2. Untuk membantu dalam memberikan arah yang lebih sesuai untuk membuat
suatu rencana bentuk sediaan.
Data preformulasi akan sangat membantu dalam memberikan arah yang lebih
sesuai untuk membuat suatu rencana bentuk sediaan.
1. Data minimal yang harus ada dalam preformulasi adalah:
a) Struktur kimia dan karakteristik,
b) Bobot molekul,
c) Metode Analitik,
d) Ruahan (kompresibilitas, observasi mikroskopik),
e) Informasi terapeutik (dosis, bentuk sediaan yang dibutuhkan,
ketersediaan hayati, produk kompetitor)
f) Bahaya potensial
g) Toksikologi.
2. Data pelengkap dalam preformulasi antara lain:
a) Kompatibilitas interaksi: obat-eksipien.
b) Studi pendahuluan in vivo pada hewan, antara lain:
Absorpsi obat,
Metabolisme,
Ikatan protein,
Distribusi,
Eliminasi.
Proses formulasi sediaan obat harus diawali dengan suatu tahap preformulasi
yang merupakan suatu tahapan yang menentukan keberhasilan suatu sediaan obat
dalam memberikan efek terapi sesuai yang diharap-kan oleh formulator.
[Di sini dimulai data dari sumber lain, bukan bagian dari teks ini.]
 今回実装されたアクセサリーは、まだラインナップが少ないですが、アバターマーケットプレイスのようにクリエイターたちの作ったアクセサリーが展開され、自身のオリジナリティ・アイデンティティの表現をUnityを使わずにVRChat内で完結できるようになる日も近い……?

Karakteristik sifat fisikokimia bahan obat perlu diidentifikasi pada tahap


preformulasi. Karakteristik sifat fisikokimia yang penting untuk diperhatikan
antara lain
1. Stabilitas kimia
Stabilitas produk farmasi dapat didefinisikan sebagai kemampuan
suatu produk untuk bertahan dalam batas yang ditetapkan sepanjang periode
penyimpanan dan penggunaan, sifat dan karakteristiknya sama dengan yang
dimilikinya pada saat dibuat. Banyak faktor yang mempengaruhi stabilitas
produk farmasi, seperti stabilitas dari bahan aktif, interaksi antara bahan
aktif dan bahan tambahan, proses pembuatan, proses pengemasan, dan
kondisi lingkungan selama pengangkutan, penyimpanan, dan penanganan,
dan jangka waktu produk antara pembuatan hingga pemakaian. Stabilitas
kimia suatu obat adalah lamanya waktu suatu obat untuk mempertahanakan
integritas kimia dan potensinya seperti yang tercantum pada etiket dalam
batas waktu yang ditentukan. Secara reaksi kimia zat aktif dapat terurai
karena beberapa faktor diantaranya ialah oksigen (oksidasi), air (hidrolisa),
suhu (oksidasi), cahaya (fotolisis), karbondioksida (turunnya pH larutan),
sesepora ion logam sebagai katalisator reaksi oksidasi, faktor luar juga
mempengaruhi ketidakstabilan kimia seperti, suhu, kelembaban udara dan
cahaya.
2. Kelarutan/solubilitas
Faktor kelarutan merupakan salah satu sifat fisikokimia penting untuk
diperhatikan dalam memformulasi-kan bahan obat menjadi sediaan,
terutama jika sediaan itu dibuat dalam bentuk larutan (Banker and Rhodes,
2002). Kelarutan atau solubilitas adalah kemampuan suatu zat kimia
tertentu, zat terlarut (solute), untuk larut dalam suatu pelarut (solvent).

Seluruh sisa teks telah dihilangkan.